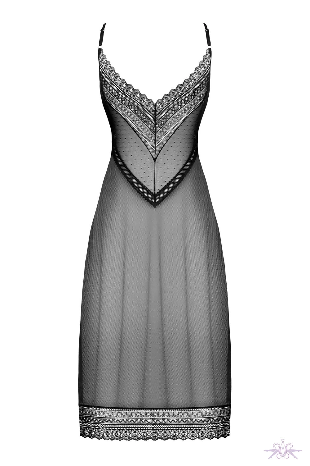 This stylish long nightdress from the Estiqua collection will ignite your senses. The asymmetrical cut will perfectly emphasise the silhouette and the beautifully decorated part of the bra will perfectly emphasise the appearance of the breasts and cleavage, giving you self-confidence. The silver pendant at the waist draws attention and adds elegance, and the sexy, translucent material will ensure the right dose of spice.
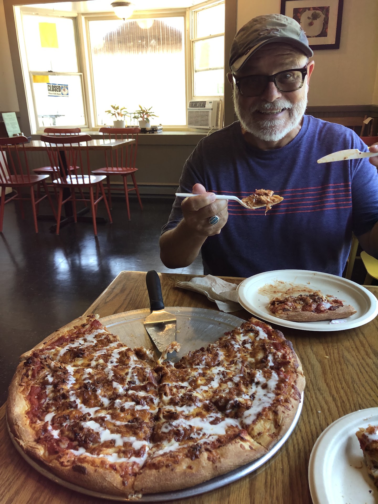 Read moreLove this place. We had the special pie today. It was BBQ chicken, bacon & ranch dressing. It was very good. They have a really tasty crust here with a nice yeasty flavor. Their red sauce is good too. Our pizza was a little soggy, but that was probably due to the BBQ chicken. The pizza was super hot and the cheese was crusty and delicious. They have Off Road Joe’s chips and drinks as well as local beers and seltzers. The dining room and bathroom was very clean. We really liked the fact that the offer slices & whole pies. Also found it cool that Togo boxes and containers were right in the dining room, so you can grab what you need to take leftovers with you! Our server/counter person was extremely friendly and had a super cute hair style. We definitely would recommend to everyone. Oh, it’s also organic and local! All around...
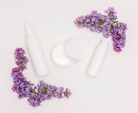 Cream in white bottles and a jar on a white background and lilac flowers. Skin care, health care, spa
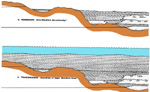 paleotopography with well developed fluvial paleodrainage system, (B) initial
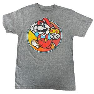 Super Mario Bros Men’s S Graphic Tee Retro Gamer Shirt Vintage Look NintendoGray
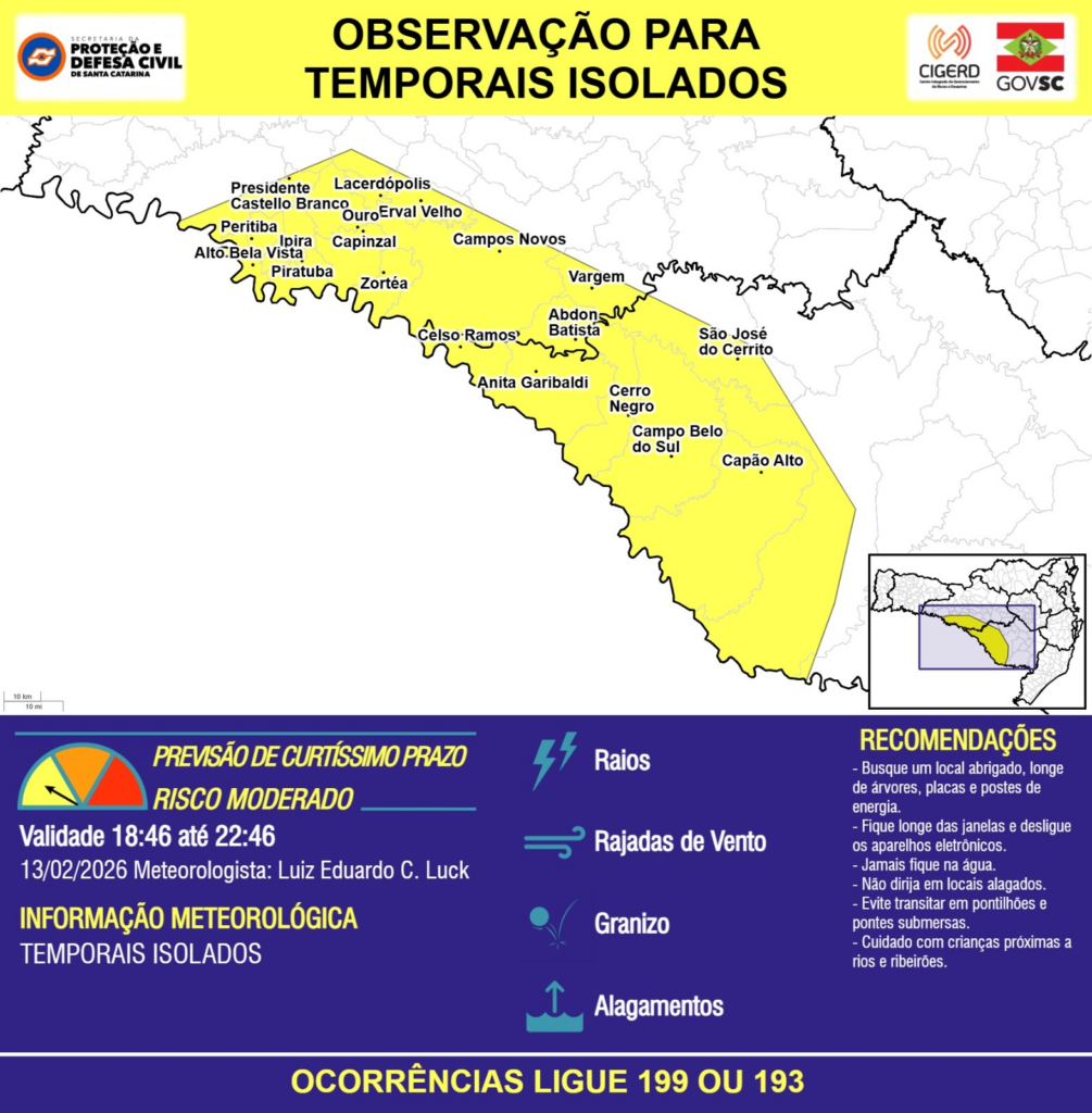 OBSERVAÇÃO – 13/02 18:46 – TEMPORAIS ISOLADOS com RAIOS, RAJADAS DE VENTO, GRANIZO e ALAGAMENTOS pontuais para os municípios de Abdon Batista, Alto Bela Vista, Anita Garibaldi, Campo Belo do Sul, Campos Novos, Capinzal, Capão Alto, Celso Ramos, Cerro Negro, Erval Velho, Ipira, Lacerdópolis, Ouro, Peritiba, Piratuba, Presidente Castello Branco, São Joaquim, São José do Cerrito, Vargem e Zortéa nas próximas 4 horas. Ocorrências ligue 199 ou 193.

--

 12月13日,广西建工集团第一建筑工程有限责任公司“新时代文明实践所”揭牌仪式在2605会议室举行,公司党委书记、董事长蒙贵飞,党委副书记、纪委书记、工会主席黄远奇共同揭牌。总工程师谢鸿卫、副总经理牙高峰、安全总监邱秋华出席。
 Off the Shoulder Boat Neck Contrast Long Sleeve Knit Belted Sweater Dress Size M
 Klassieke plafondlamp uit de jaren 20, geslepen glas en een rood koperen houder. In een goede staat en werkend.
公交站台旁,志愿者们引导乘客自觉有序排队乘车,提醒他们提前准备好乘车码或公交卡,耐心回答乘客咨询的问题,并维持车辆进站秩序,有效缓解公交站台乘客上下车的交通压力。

--

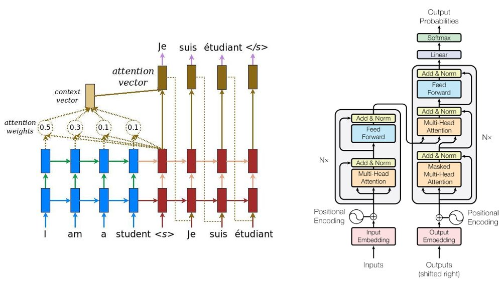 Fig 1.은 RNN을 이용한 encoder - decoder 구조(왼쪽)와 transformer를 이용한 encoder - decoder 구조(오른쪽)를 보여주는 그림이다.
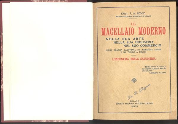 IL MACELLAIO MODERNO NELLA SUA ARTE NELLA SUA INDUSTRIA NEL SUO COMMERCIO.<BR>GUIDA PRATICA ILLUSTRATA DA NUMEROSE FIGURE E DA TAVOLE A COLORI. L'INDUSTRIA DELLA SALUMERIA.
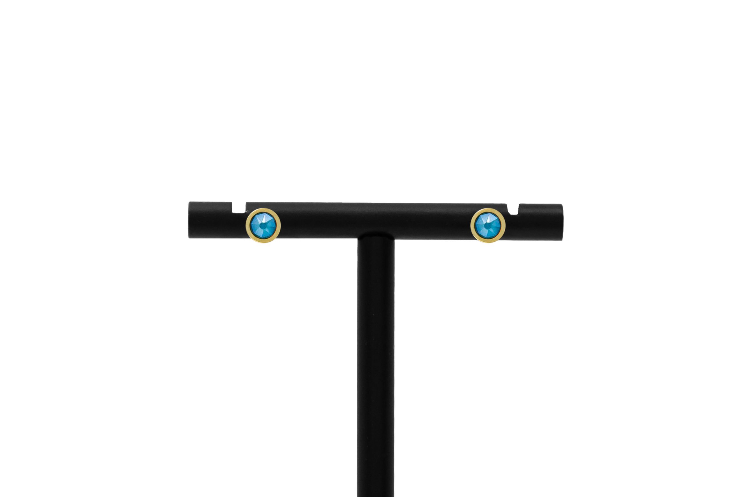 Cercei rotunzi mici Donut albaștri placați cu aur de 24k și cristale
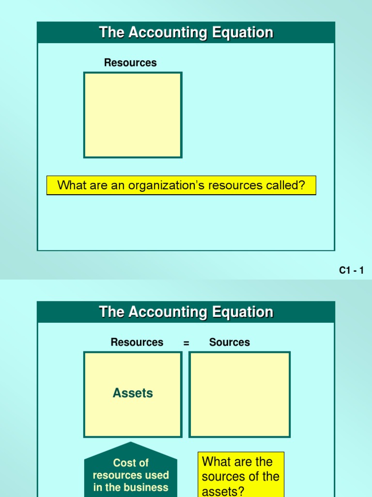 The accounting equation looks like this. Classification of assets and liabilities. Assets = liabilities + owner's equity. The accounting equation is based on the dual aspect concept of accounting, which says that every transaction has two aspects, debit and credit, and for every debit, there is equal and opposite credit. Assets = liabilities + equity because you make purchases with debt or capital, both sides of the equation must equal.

**INSTRUCTIONS TO FOLLOW**: Please give back exactly the lines of this listing beginning at the line with "Off the Shoulder" and ending with the line with "公交站台旁,志愿者们引导乘客", both included, and nothing else.

**WRITTEN RESPONSE**:
 Off the Shoulder Boat Neck Contrast Long Sleeve Knit Belted Sweater Dress Size M
 Klassieke plafondlamp uit de jaren 20, geslepen glas en een rood koperen houder. In een goede staat en werkend.
公交站台旁,志愿者们引导乘客自觉有序排队乘车,提醒他们提前准备好乘车码或公交卡,耐心回答乘客咨询的问题,并维持车辆进站秩序,有效缓解公交站台乘客上下车的交通压力。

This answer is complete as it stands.